The cooked meat should readily come off the bone. Remove the meat from the bones and separate any sinew or inedible parts that remain. After picking and sorting, run it through a grinder to achieve a smooth consistency.
4 1/2 pounds of ground cooked deer meat
1 1/2 gallons of meat liquid
8 beef bouillon cubes
4 ounces ground sage
1 cup brown sugar
2 Tablespoons black pepper
1 Tablespoon red pepper
3 Tablespoons salt
2 1/2 pounds white cornmeal
(This yields about 15+ pounds of mixture)
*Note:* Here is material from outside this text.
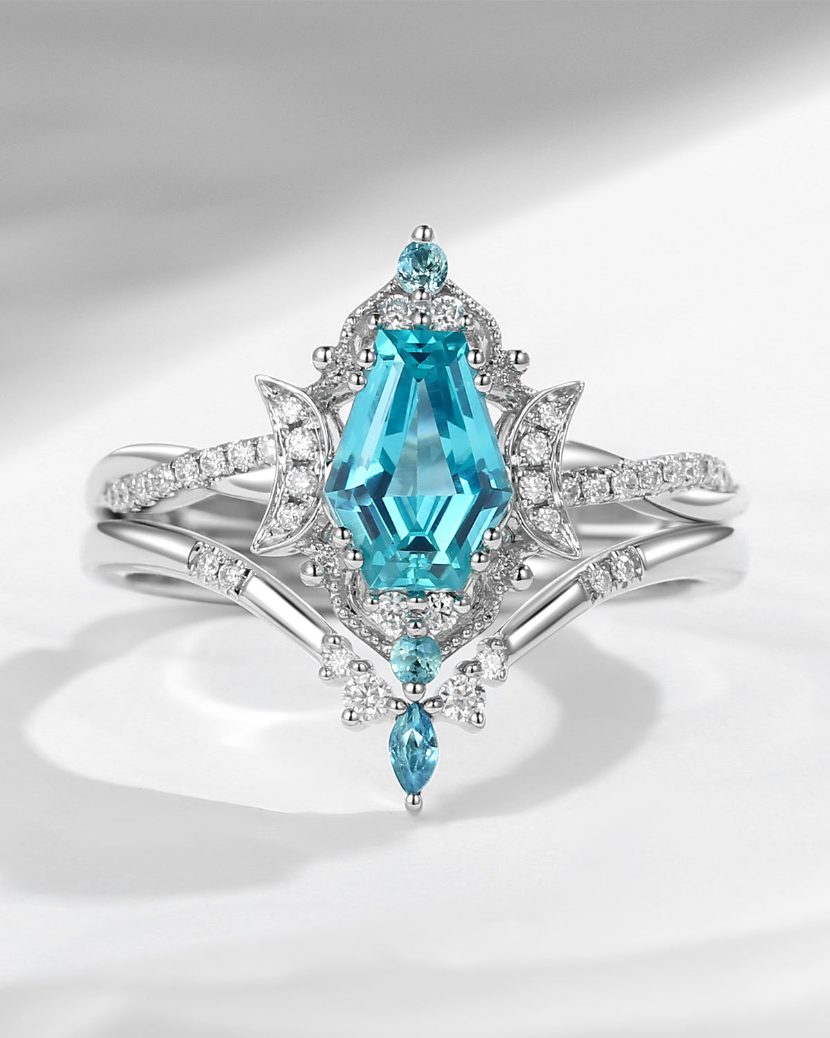 Crescent Moon | Coffin Lab Alexandrite Classic Engagement Ring Set 2pcs

Line five loaf pans with flexible plastic wrap. Add all ingredients except cornmeal in a deep cooking pot, bringing it to a rolling boil while stirring constantly. The mixture will take on an almost slurry like appearance. Then, sprinkle in cornmeal while stirring continuously -- your arms will get a workout making this dish. Thompson says this part of the process, whisking in 2.5 pounds of white cornmeal, is the most dangerous. "You have to watch it. This stuff will blow up on you,” he said. Indeed, the concoction will bubble and belch lava-like streams of scrapple toward the top of the large pot. Protect your hands and arms or have some cat-like reflexes. Keep whisking until you're satisfied the mix is cooked enough and any big lumps of cornmeal have been sufficiently broken down and incorporated. The next step involves pouring the still warm mixture into the loaf pans. After it’s refrigerated for 24 hours, it can be removed from the pans and sliced or wrapped and frozen for later use.,
Heat oil until it starts to smoke. Slice scrapple about 3/8 to 1/2-inch thick. Carefully put in pan and let it cook until crispy on one side. Flip and do the same for the other side. Do not flip until crispy or it will fall apart. With experience, you'll figure out how to keep everything intact. Enjoy! Serve it alongside eggs or biscuits or any other favorite breakfast ingredients; or, slap it between some bread or a roll and make a sandwich.
Using all the meat from a game animal sometimes takes effort and a time commitment. But, in the end, it is the right thing to do and the results are rewarding.